Mauritania: Anti-Slavery Activist to Return Home after 8-Month International Campaign
Birame ould Dah ould Abeïd, leader of the anti-slavery movement IRA (Initiative for the Resurgence of the Abolitionist Movement) has announced his comeback to Mauritania for Sunday January 15 after he conducted an eight-month international campaign to denounce the ongoing phenomenon in the North African country, the last country in the world still practicing the outdated human dominance.
The comeback, analysts say may give rise to tension. Birame idolized by Mauritania’s black and underprivileged populations has chosen to return to his country by road, via Senegal through the border town of Rosso, the very place where he was arrested in November 2015 for defying the state.
Analysts believe the decision to pass through the historical town is significant and will throw thousands of sympathizers in the streets therefore predicting confrontation between security forces and supporters.

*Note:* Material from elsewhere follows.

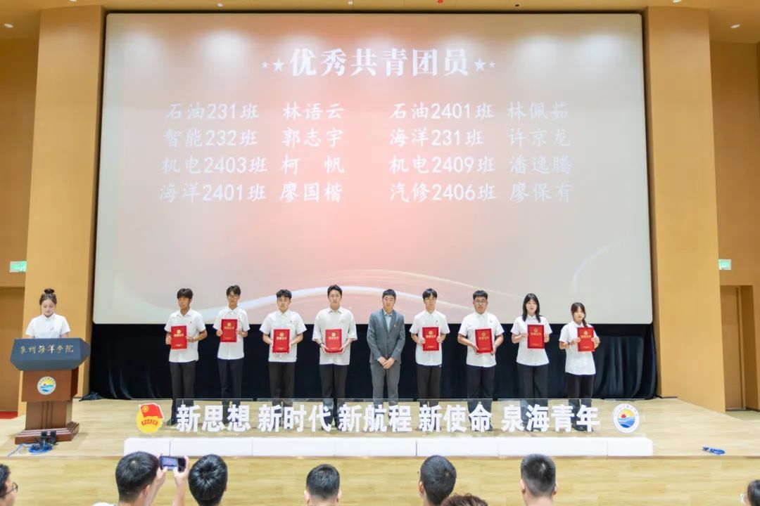 6月12日晚,海洋工程学院举办的2025年“五四”表彰大会暨2025年上半年新团员入团仪式在图书馆二楼报告厅隆重召开。海洋工程学院党支部书记周甜,校团委副书记肖伟强,海洋工程学院党支部副书记俞建梁、团委书记廖闽及全体辅导员共同参会。大会由林知诺主持。

The activist, decried by the Mauritanian regime, left the country eight months ago on an international tour in Africa and elsewhere to marshal support and to denounce the phenomenon still ongoing in the North African country.
Several members of his movement were arrested in June last year for mounting riot against security forces. A court in capital Nouakchott handed them heavy prison sentences ranging between 3 and 15 years. After an appeal in another court in the second city of the country, Nouadhibou, the ruling was overturned and most of the accused were freed, except three who have been sentenced to 3 years in prison.